Transportation
This pilot will create a domain-specific knowledge graph by relying on related internal or externaldata sources. On top of that knowledge space, transport research-inspired information retrieval scenarios will be implemented by tuning the use of individual SciLake services or combinations of them. More specifically, scenarios will be built around (but not limited to) the following use case directions:
- Discovery of proof of concepts (PoCs) and their correspondence to CCAM transport use cases (e.g., open source gitlab projects not necessarily connected with a publication, the ETSI technology evaluations and interoperability events and PoCs database),
- Discovery of associations among technical specifications, published standards, draft standards as well as their appearance in research work (e.g., in order to discover unsettled issues for further research on next generation emergency systems for road transport or system-user control transitions in automated driving systems),
- Assessment of the significance (related to impact or/and reproducibility) of research objects appearing in multiple domains to reveal background research (e.g., discover works lying on the intersection of ITS and AI using a very popular AI framework or safety and security co-engineering for vehicles),
- Annotating heterogeneous datasets (sensor data, road traffic data, road users’ mobility data, infrastructure IoT data, CAVs behavioral data, CAVs users acceptance survey data), per content/topic (e.g., the level of detail: provision of traffic driving row data vs. object-level data vs. aggregated data) or per the evaluation objective using categories meaningful for transport mobility data, and
- Reproducibility/reusability reports for publications and/or experiments in the transport research sector (that propose original optimization algorithms, benchmark datasets) which will be automatically identified and they will include information about the ease to reproduce/reuse them (according to data FAIRness, code openness etc.) and the extent to which the work has already been reproduced by meta-analysis studies.
Background
Intelligent transportation systems (ITS) research is an important part of smart cities’ planning. It provides data-driven innovative services relating to different modes of transport and traffic management and enables users and societies to be better informed and make safer, more coordinated, and 'smarter' use of transport networks. This field also includes the development and evaluation of collaborative, connected autonomous vehicles as viable transportation mean (of passengers or freight). Regarding transport research domain, different modes (i.e., road, rail, water, air, cross-modal) are covered and different types of mobility are touched upon (i.e., freight, passenger) and SciLake could support and provide an overall assessment of research scientific production against innovation uptakes.

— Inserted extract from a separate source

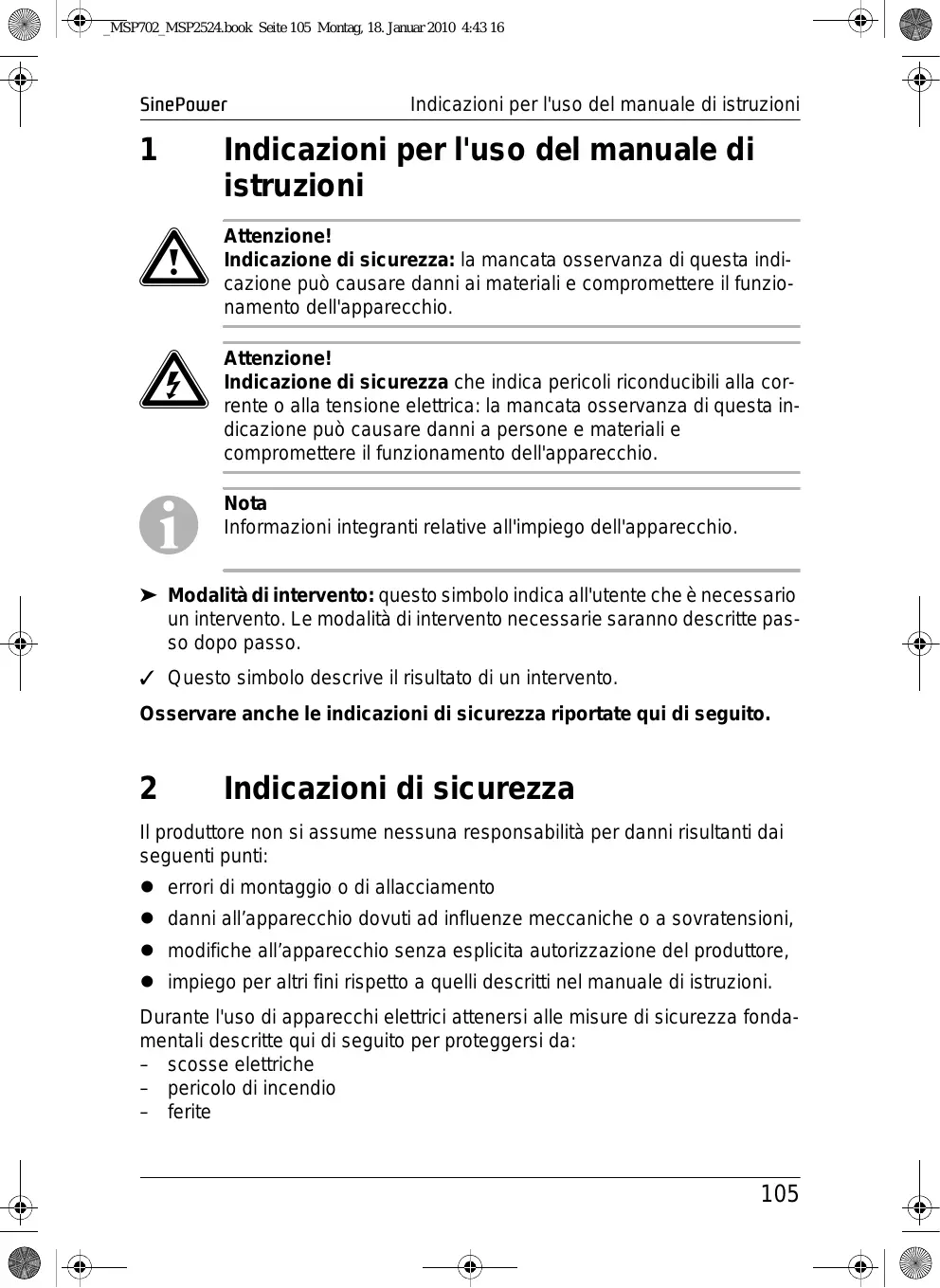 2 Indicazioni di sicurezza 105
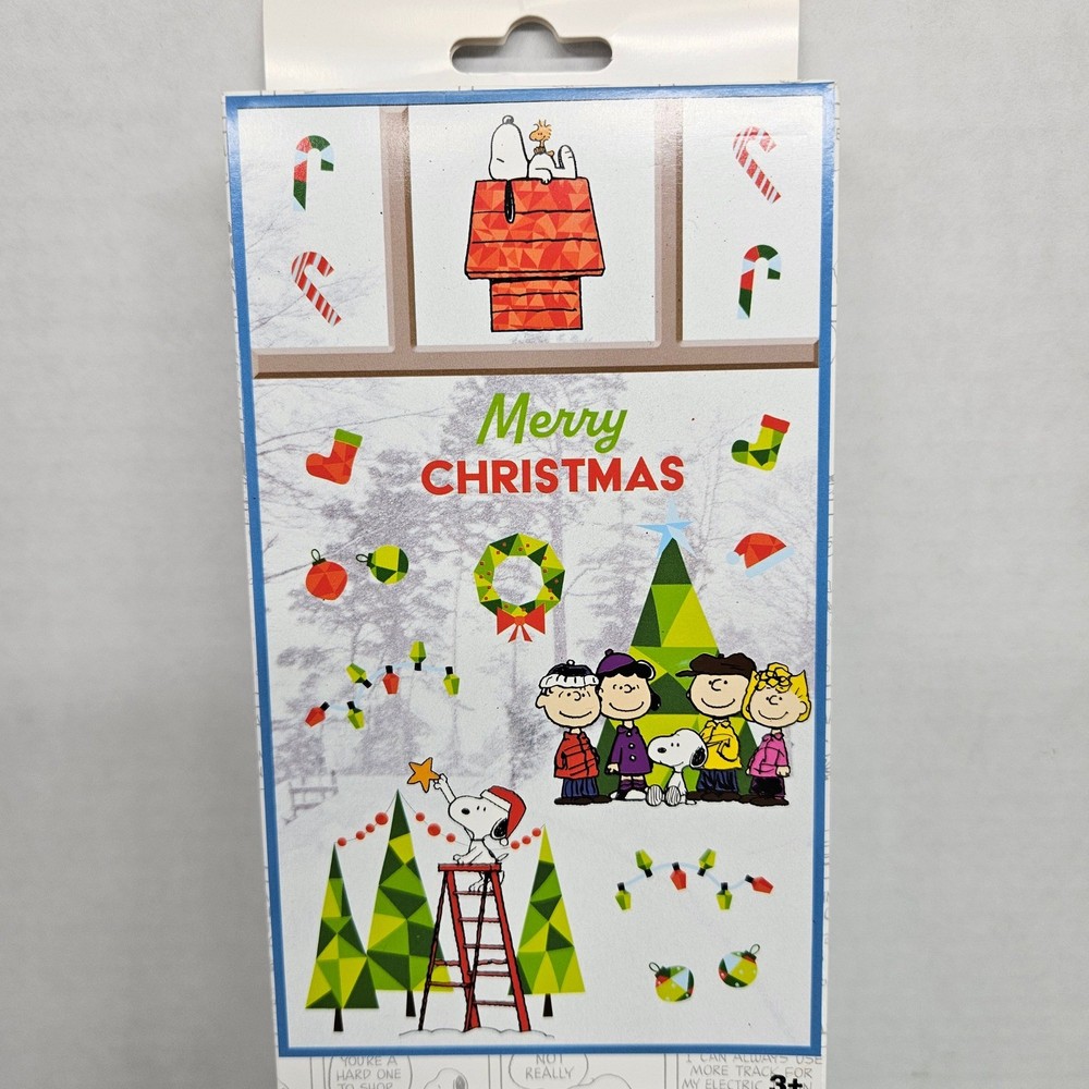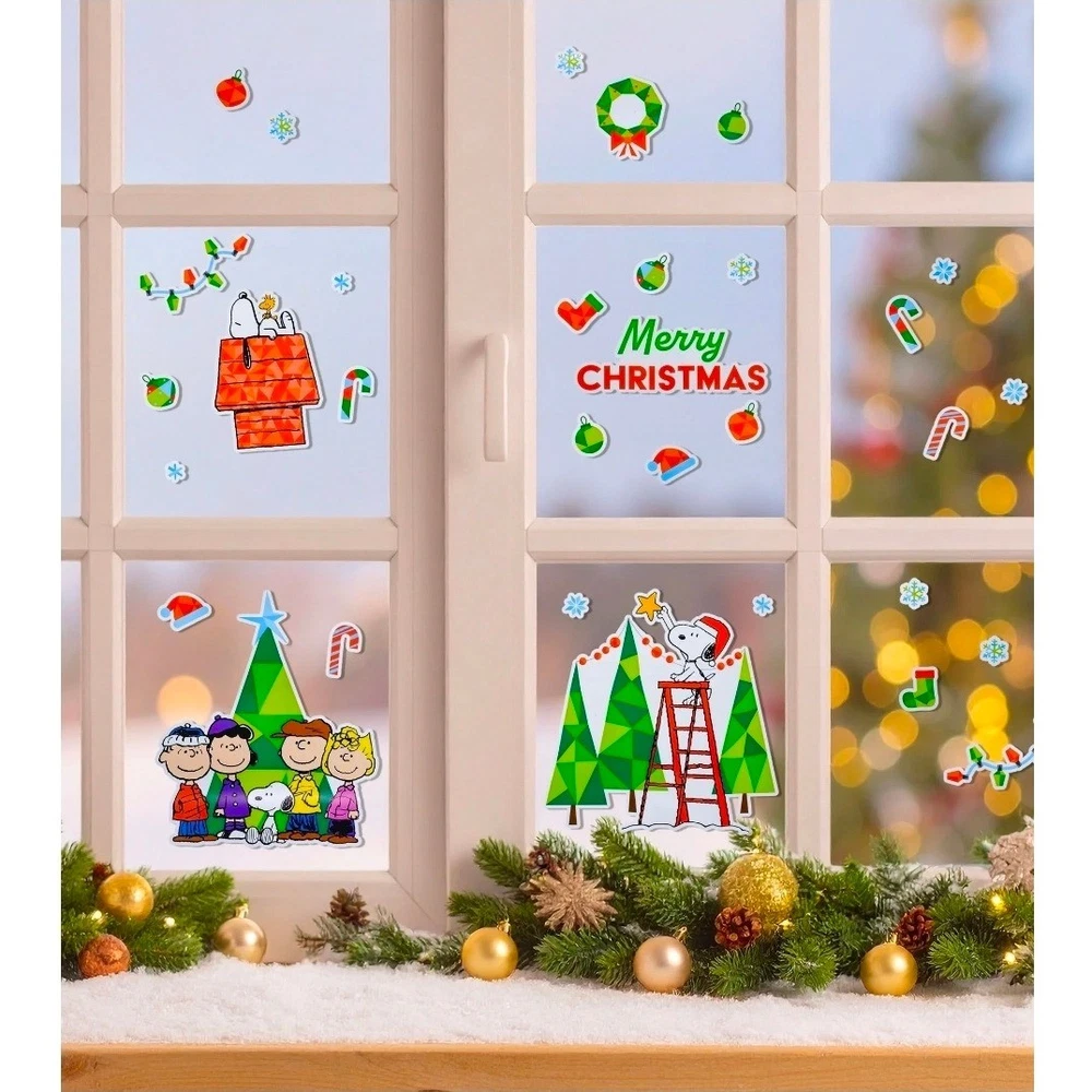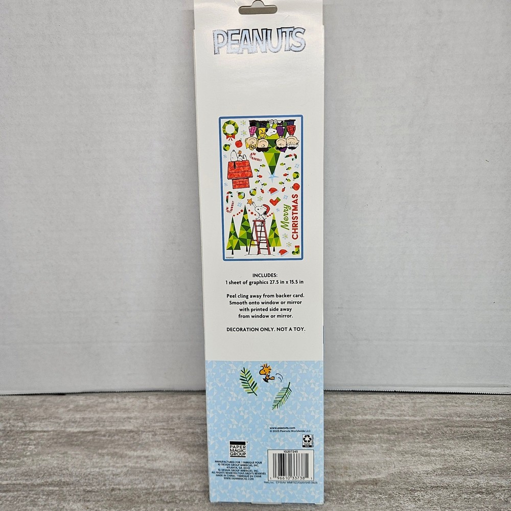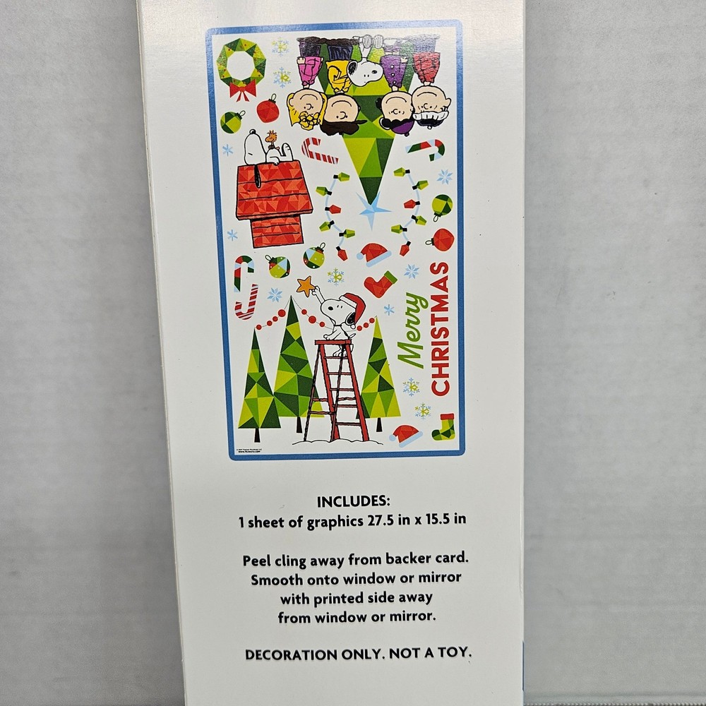 Brighten your home with these delightful Peanuts Christmas window clings. Snoopy and the gang bring festive cheer to any window or mirror with their iconic characters and holiday scenes. Effortlessly peel, stick, and reposition these self-adhesive decorations to create a whimsical winter wonderland. Perfect for adding a touch of nostalgia and fun to your holiday celebrations, these clings are ideal for decorating your living room windows, children's bedrooms, or even your office space during the festive season. Measurements: • Sheet of graphics 27.5 in x 15.5 in (69.9 cm x 39.37 cm) Type: Stickers & Decals Occasion: Christmas Material: Vinyl Department: Kids Character Family: Peanuts Character: Snoopy Item Length: 27.5 in Room: Any Room Shape: Fir Tree Item Height: 27 in Style: Vintage/Retro Item Width: 15 in Orientation: Vertical Care Instructions: Clean with Damp Cloth Unit Type: Unit Keywords: Snoopy, Christmas, Holiday, Window Clings, Peel and Stick, Reusable, Festive, Decorations, Winter, Kids, Family, Merry

Domain-specific data/metadata
The field combines information processing and engineering studies and technologies with human sciences studies while the produced research data span multiple domains (e.g., algorithms and their software proof of concepts (SW PoCs), methods for technological impact, user acceptance, inputs to draft standards and regulations for newly introduced technologies like IoT and autonomous driving systems). Due to the study and proposal of systems to be applied in real world conditions, extensive use of international standards’ databases and open source implementations sometimes also with a locality indication (e.g., city or national level) is significant. In addition, several domain-specific knowledge bases (i.e. TRID, ERTRAC, ERTICO, ECTRI, IRU, WEGEMT, EASA, ERRAC) could be exploited in order to enhance scientific quality, identify remarkable knowledge and share research activities across national boundaries.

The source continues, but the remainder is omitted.